Iudex e territorio suo vi expulsus vel a iurisdictione ibi exercenda impeditus, potest extra territorium iurisdictionem suam exercere et sententiam ferre, certiore tamen hac de re facto Episcopo dioecesano.
Il giudice espulso con la violenza dal suo territorio o impedito di esercitare in esso la giurisdizione, può esercitare la sua giurisdizione fuori del territorio ed emanare sentenze, dopo aver tuttavia di ciò informato il Vescovo diocesano.
Ein Richter, der gewaltsam aus seinem Gebiet vertrieben worden oder dort an der Ausübung seiner Gewalt gehindert ist, kann, jedoch nach vorheriger Benachrichtigung des Diözesanbischofs, außerhalb seines Gebietes seine Jurisdiktion ausüben und Urteile fällen.
c. 1637.
Art. 32 § 2 DC
Potestas iudicialis in proprio territorio exercenda est, salvo art. 85.

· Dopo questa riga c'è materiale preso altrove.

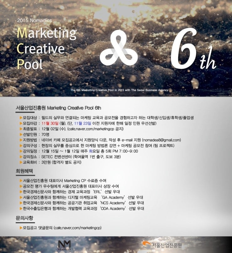 서울산업진흥원과 함께하는 플랫폼 기업 노마딕스의 마케팅교육과정 Marketing Creative Pool 모집을 알립니다. 디지털 노마드 문화를 지향하는 노마딕스는 독립적인 마케터 양성을 위한 다양한 교육 프로그램들을 운영하며 마케팅 실무교육과 공모전으로 현장의 마케팅 방법론을 교육하는 Marketing CP는 이를 위해 존재합니다. cafe.naver.com/marketingcp/1150 보다 실무영역을 중심으로 비즈니스모델링/고객/교육콘텐츠/소셜마케팅의 키워드로 진행되는 Marketing CP에 합류하여, 필드의 방법론을 익히고, 비슷한 관심사를 가진 대학생들과 함께 성장할 대학생 여러분의 지원을 기다립니다. < Marketing CP 모집요강 > 1. 모집대상: 필드의 실무와 연결되는 마케팅 교육을 원하는 대학생/신입생/휴학생/졸업생 2. 모집마감: 11월 30일 (월). (단, 11월 23일 이전 지원자에 한해 일정인원 우선 선발) 3. 최종발표: 12월 02일 (수). (cafe.naver.com/marketingcp 및 개별연락) 4. 선발인원: 70명 5. 교육일정: 12월 15일 ~ 01월 12일 매주 화요일 총 5회 PM 7:00-9:00 6. 교육구성: 마케팅 기획을 중심으로 한 실무이슈에 대한 강연 + 공모전 팀 프로젝트 참여 *5주차 강의 후 모든 일정이 마무리되며, 현장에서 교육 수료증 및 상장이 수여됩니다. *강의일정은 강사 사정에 따라 변동될 수 있습니다. 7. 교육장소: SETEC 컨벤션센터 (3호선 학여울역 도보 1분, 서울특별시 강남구 대치동 514) 8. 교육회비: 3만원. (합격자 별도 공지) 9. 회원혜택 *교육 수료회원에게 서울산업진흥원 대표이사 Marketing CP 수료증 수여. *공모전 결과 우수팀에게 서울산업진흥원 대표이사 상장 수여. *한국경제신문사 신문으로 배우는 경제교육 ‘ERL’ 선발 우대. (cafe.naver.com/marketingcp/430) *한국수출입은행 국제개발협력 교육과정 ‘ODA Academy' 선발 우대. (cafe.naver.com/kusef/22255) *서울산업진흥원 데이터 분석교육과정 'GA Academy' 선발 우대. (cafe.naver.com/marketingcp/935) *한국경제신문사 공기업 취업 역량강화 ‘NCS Academy’ 선발 우대. (cafe.naver.com/marketingcp/692)
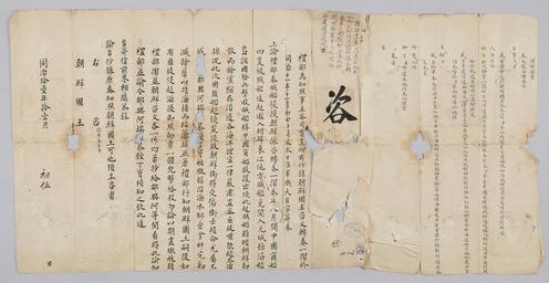 Keywords: 조선-청 외교문서(자문) 228.jpg 고종 9년 1872 11월 5 에 청국 예 에 조선국왕에게 보내 온 문 조선 경내에 비적선 匪賊船 에 쫓겨 온 중국 상선 4척 보호하고 비적 격파하느 고 조선 군사 사상 死傷 되었다는 조선국왕 보고에 하여 산동 무사 山 巡撫使 에게 명하여 해적들 소탕하도 명 내렸 알리는 문 다 2016-07-19 http //www nl go kr/nl/search/SearchDetail nl category_code ct service KOLIS vdkvgwkey 1130367 colltype DAN_OLD place_code_info 172 place_name_info EB 94 94 EC A7 80 ED 84 B8 EC 97 B4 EB 9E 8C EC 8B A4 manage_code MA shape_code B refLoc null category srchFlag Y h_kwd E5 8F A4 E6 9C 9D51- EB 8B A428-306 lic_yn N mat_code RB 국립중앙도 조선국왕 청국예 other versions PD-Art Books from National Library of Korea Books from Korea 1872 in Relations of the Joseon Dynasty and the Qing Dynasty |

Il luogo del giudizio nelle attuali circostanze appare soggetto a fenomeni per molti versi nuovi ed inediti, favoriti o più semplicemente causati di volta in volta – complice la originale natura universale della Chiesa – dall’accentuata ed oltremodo facilitata mobilità di persone o comunicazione di atti, dalla scarsità di ministri del tribunale o dal moltiplicarsi di giudizi al di fuori del rodato campo delle nullità matrimoniali. In tal modo può verificarsi che un Metropolita si chieda se possa nominare giudici che abitano fuori dall’arcidiocesi e che non possano recarsi per il giudizio entro i confini dell’arcidiocesi; oppure che vescovo diocesano di un territorio di missione in Africa, originario di una diocesi dell’Europa settentrionale, porti con sé (gli atti di) sei cause di nullità e su cinque riceva il consiglio del tribunale locale, mentre sulla sesta, da giudicare con processo documentale, nomini il vicario giudiziale di quel tribunale «a judge on his tribunal “pro hac vice”», che procede alla decisione giudiziale; oppure che un arcivescovo Metropolita di un Paese europeo alle prese con un processo penale da istituire contro un suo sacerdote, costituisca un tribunale diocesano con giudici nominati da altre diocesi limitrofe e questi si ritrovino a decidere – come scrivono in bella evidenza nella sentenza all’inizio e alla fine – «at St. Mary’s Priory» nel territorio di un’altra arcidiocesi di quel Paese.
Can. 1469 § 1
Il canone 1469 § 1 prevede che il giudice possa esercitare la giurisdizione fuori dal suo territorio qualora sia stato espulso con la forza o sia impedito di esercitare nel suo territorio la giurisdizione. Per via logica necessaria dal prescritto si deduce che incombe sul giudice l’obbligo di esercitare la giurisdizione, ossia la potestà giudiziale, e proferire sentenze o decisioni giudiziali, nel suo territorio. La natura e i limiti di questo obbligo non sono facili da determinare e circoscrivere.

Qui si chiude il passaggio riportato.